To już ostatnie godziny przewodnictwa Łotwy w Unii Europejskiej. O północy stery we Wspólnocie na pół roku przejmie Luksemburg. Prezydencja łotewska zebrała dobre oceny.

Dobrze przygotowani, pracowici, niekontrowersyjni - tak o Łotyszach mówią dyplomaci z innych krajów. Łotwie udało się doprowadzić do porozumienia w kilku sprawach. Rzutem na taśmę, w ostatnim dniu uzgodniono kompromis w sprawie zlikwidowania dodatkowych opłat za rozmowy z telefonów komórkowych za granicą. "Łotewskie przewodnictwo pracowało bardzo ciężko, by doprowadzić do porozumienia w sprawie zniesienia roamingu" - powiedziała premier Łotwy Laimdota Straujuma. Wstępnie porozumieli się w tej sprawie przedstawiciele Europarlamentu i unijnych rządów. Kompromis próbowało wynegocjować kilka krajów podczas swojego przewodnictwa, ale to Łotwa ogłaszała koniec rozmów.

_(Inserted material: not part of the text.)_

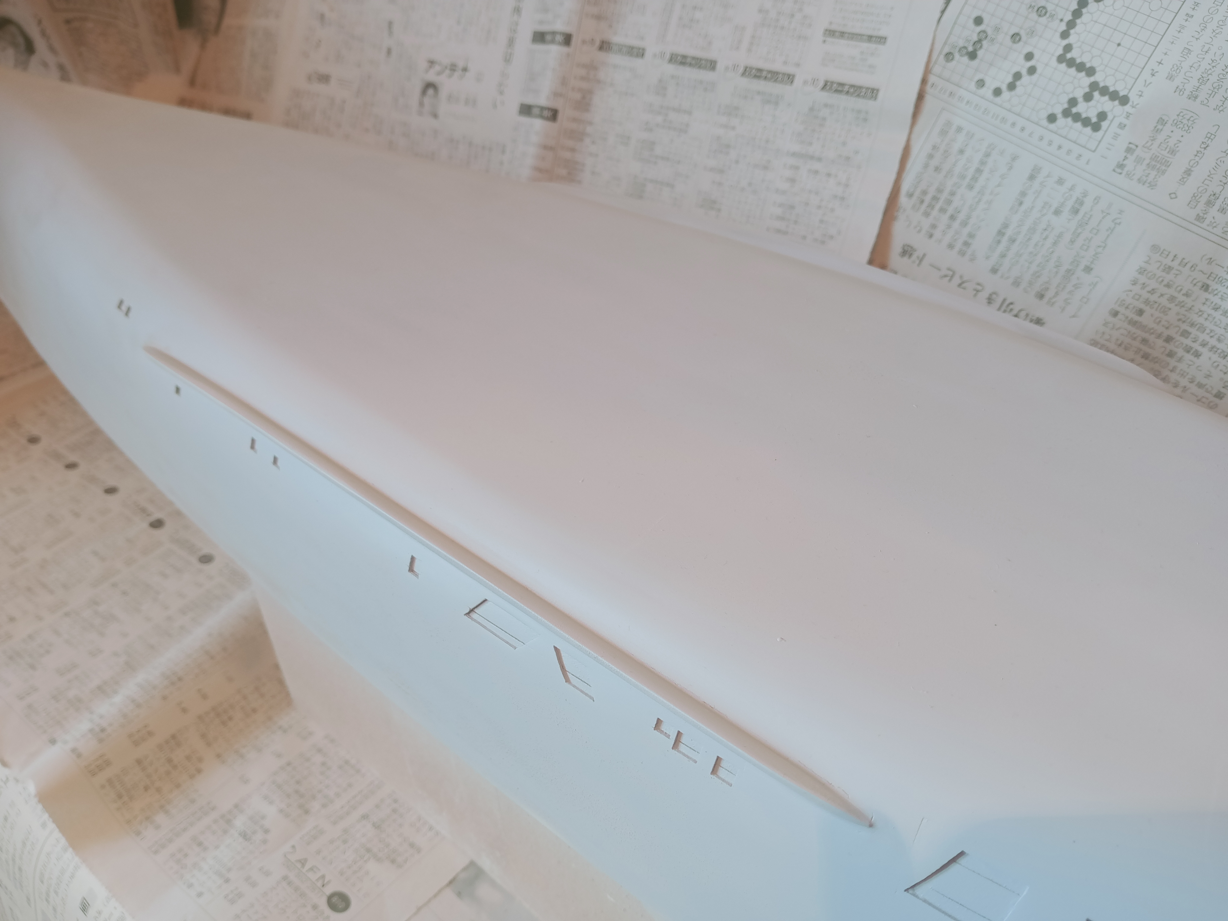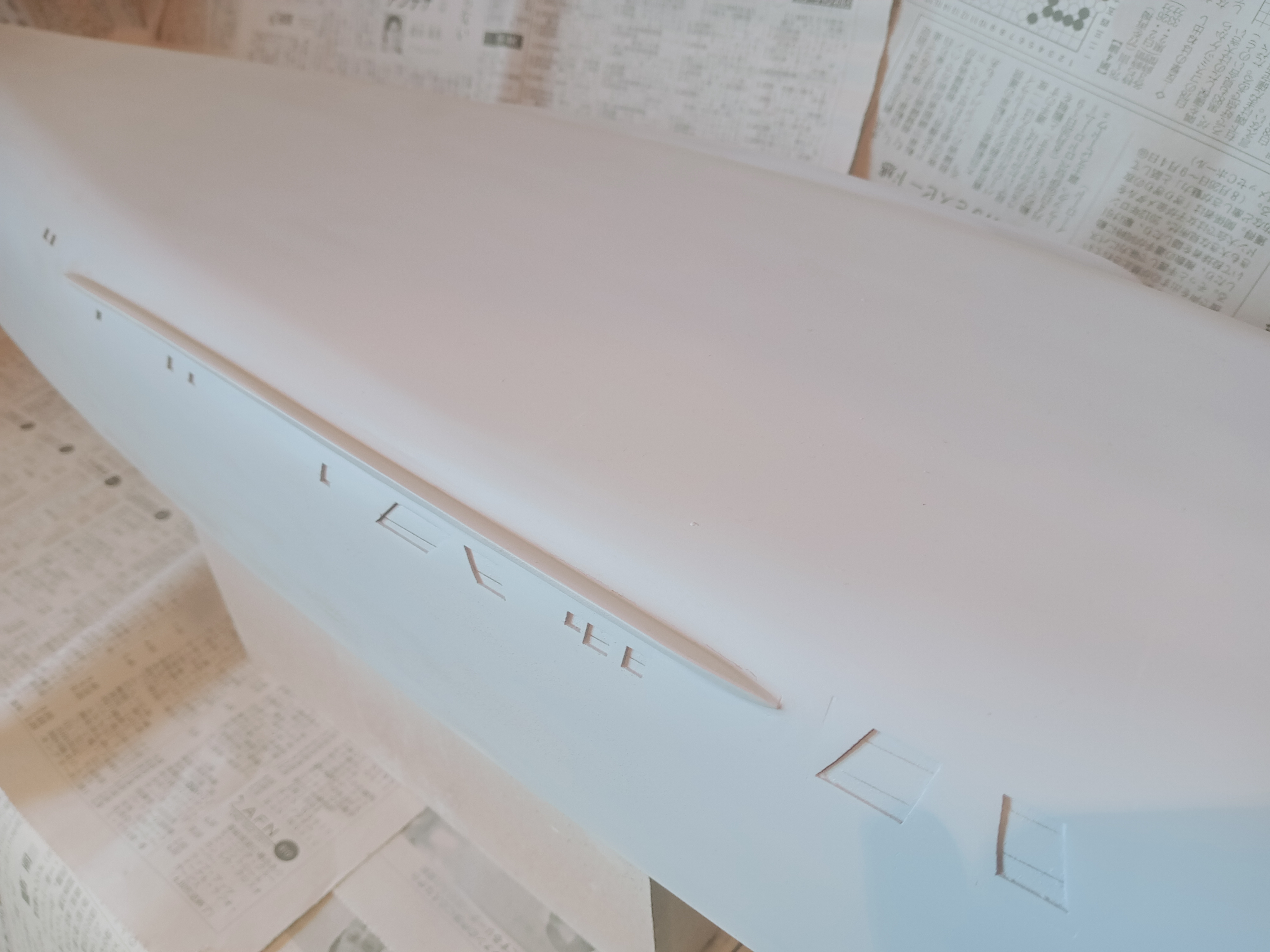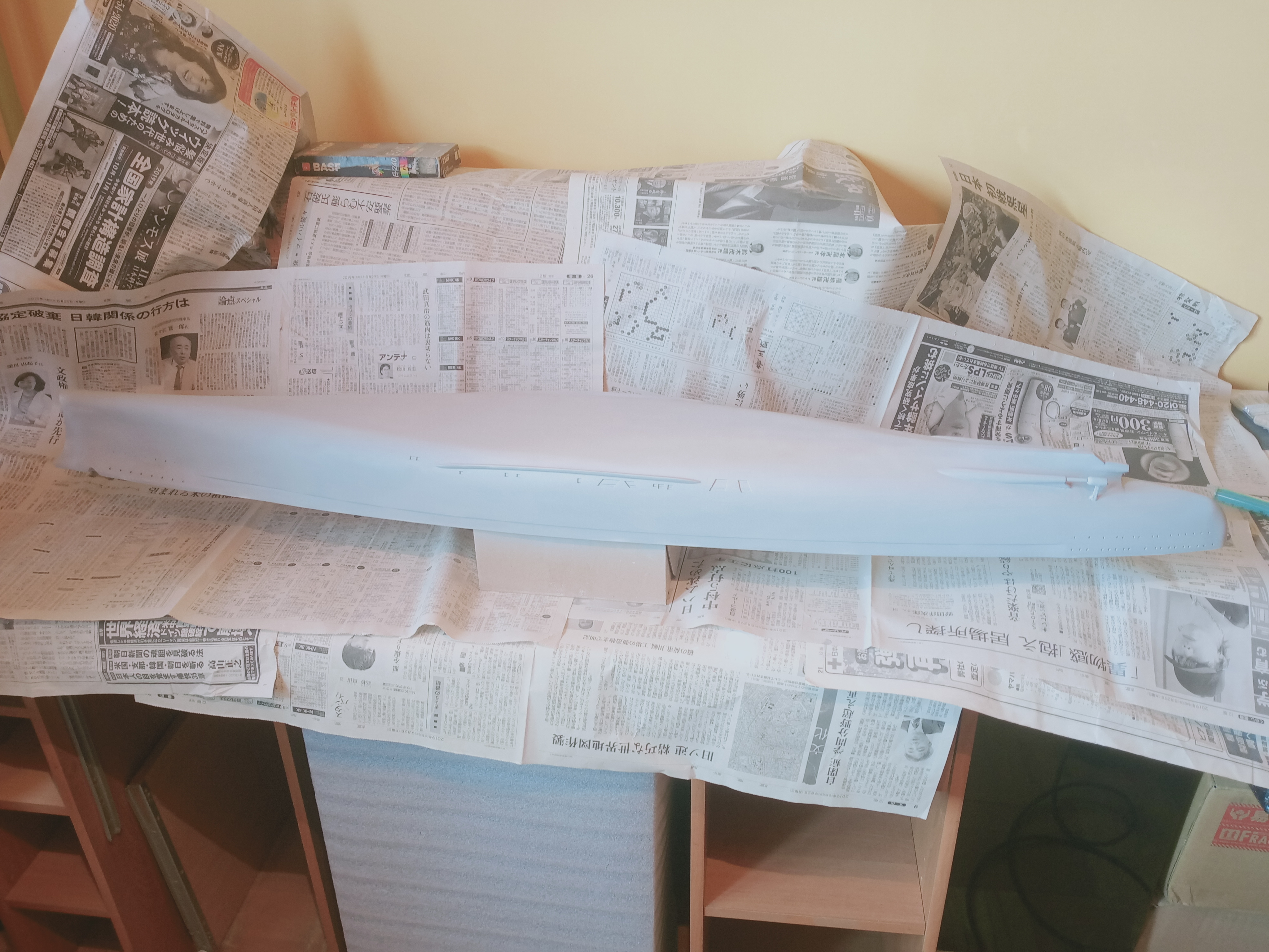 Ostatnie zdjęcie to stan na dzisiaj. Siedzę sobie i mam nadzieję, że dziś skończę obróbkę mechaniczną szpachli. Jak się uda i nie będzie późno to przelecę jeszcze farbą podkładową. Przynajmniej na rufie, żeby zobaczyć czy wszystko dobrze zrobiłem. Jak nie to będzie korekta. Pewnie finalnie naniosę kilka warstw podkładu, ponieważ podkład jednak mimo wszystko wypełnia niektóre mikro-niedociągnięcia. Mam nadzieję, że w tym tygodniu będzie większy postęp prac, więc wrzucę kolejne zdjęcia. Mam nadzieję, że Waszym okiem tragedii nie ma,

Także Łotwie udało się nakłonić unijne kraje do zgody w sprawie reformy ochrony danych osobowych po ponad trzech latach trudnych negocjacji. Podczas łotewskiego przewodnictwa zatwierdzony też został europejski fundusz inwestycyjny, flagowy projekt Komisji Europejskiej, który ma pobudzić unijną gospodarkę.